→ PROBLEM STATEMENT
Output the lines below exactly, please, from the first line until the line with "This Gadwal Pure", counting both.

-- TASK INPUT follows --

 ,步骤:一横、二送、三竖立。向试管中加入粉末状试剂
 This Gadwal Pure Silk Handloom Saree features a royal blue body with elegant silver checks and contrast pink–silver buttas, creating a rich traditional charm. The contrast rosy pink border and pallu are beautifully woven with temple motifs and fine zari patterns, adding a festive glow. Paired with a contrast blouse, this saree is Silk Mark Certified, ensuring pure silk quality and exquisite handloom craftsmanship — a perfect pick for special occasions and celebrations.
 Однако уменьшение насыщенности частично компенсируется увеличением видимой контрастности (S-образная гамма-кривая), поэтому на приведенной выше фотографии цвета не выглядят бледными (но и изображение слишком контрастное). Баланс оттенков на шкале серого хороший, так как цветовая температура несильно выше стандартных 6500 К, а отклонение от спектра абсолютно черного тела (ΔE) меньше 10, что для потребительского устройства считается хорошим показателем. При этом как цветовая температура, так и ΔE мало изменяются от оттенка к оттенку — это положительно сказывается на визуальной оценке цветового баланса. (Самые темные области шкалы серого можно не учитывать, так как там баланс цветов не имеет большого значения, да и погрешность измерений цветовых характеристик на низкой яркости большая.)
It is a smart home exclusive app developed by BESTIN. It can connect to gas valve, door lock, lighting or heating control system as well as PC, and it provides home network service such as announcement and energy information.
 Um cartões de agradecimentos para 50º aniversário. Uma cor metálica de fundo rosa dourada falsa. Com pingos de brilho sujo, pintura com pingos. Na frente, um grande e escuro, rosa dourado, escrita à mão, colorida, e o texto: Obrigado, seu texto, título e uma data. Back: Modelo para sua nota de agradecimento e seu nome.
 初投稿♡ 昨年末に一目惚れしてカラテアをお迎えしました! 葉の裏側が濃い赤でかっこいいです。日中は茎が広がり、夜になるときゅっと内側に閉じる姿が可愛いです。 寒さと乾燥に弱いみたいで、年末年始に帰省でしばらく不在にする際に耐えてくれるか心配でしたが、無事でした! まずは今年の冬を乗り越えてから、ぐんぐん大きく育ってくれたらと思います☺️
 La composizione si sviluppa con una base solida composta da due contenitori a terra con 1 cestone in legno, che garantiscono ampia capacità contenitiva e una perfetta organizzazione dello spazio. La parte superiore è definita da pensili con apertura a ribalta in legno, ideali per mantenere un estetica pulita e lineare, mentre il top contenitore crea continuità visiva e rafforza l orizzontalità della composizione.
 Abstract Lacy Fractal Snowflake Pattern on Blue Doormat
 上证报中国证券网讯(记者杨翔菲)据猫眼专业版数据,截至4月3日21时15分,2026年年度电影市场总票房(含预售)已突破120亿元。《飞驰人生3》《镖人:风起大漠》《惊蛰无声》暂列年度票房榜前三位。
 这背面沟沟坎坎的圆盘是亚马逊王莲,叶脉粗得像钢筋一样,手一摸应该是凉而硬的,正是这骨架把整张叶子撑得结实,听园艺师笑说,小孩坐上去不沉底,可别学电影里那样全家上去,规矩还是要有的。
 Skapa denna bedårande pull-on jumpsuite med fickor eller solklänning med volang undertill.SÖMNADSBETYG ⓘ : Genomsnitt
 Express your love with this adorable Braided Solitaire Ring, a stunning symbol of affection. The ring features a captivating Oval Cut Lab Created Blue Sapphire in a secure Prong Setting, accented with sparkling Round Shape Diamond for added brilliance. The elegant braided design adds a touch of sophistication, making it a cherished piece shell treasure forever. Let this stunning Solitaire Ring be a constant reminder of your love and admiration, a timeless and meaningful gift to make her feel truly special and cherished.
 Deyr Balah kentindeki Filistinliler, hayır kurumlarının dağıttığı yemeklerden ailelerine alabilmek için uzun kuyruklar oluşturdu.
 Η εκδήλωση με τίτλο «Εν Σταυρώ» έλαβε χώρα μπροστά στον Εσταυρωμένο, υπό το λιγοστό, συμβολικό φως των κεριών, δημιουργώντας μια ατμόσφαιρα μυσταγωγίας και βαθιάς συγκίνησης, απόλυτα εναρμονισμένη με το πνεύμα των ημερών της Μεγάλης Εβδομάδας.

-- TASK INPUT concluded --

→ OUTPUT OF THE TASK
 ,步骤:一横、二送、三竖立。向试管中加入粉末状试剂
 This Gadwal Pure Silk Handloom Saree features a royal blue body with elegant silver checks and contrast pink–silver buttas, creating a rich traditional charm. The contrast rosy pink border and pallu are beautifully woven with temple motifs and fine zari patterns, adding a festive glow. Paired with a contrast blouse, this saree is Silk Mark Certified, ensuring pure silk quality and exquisite handloom craftsmanship — a perfect pick for special occasions and celebrations.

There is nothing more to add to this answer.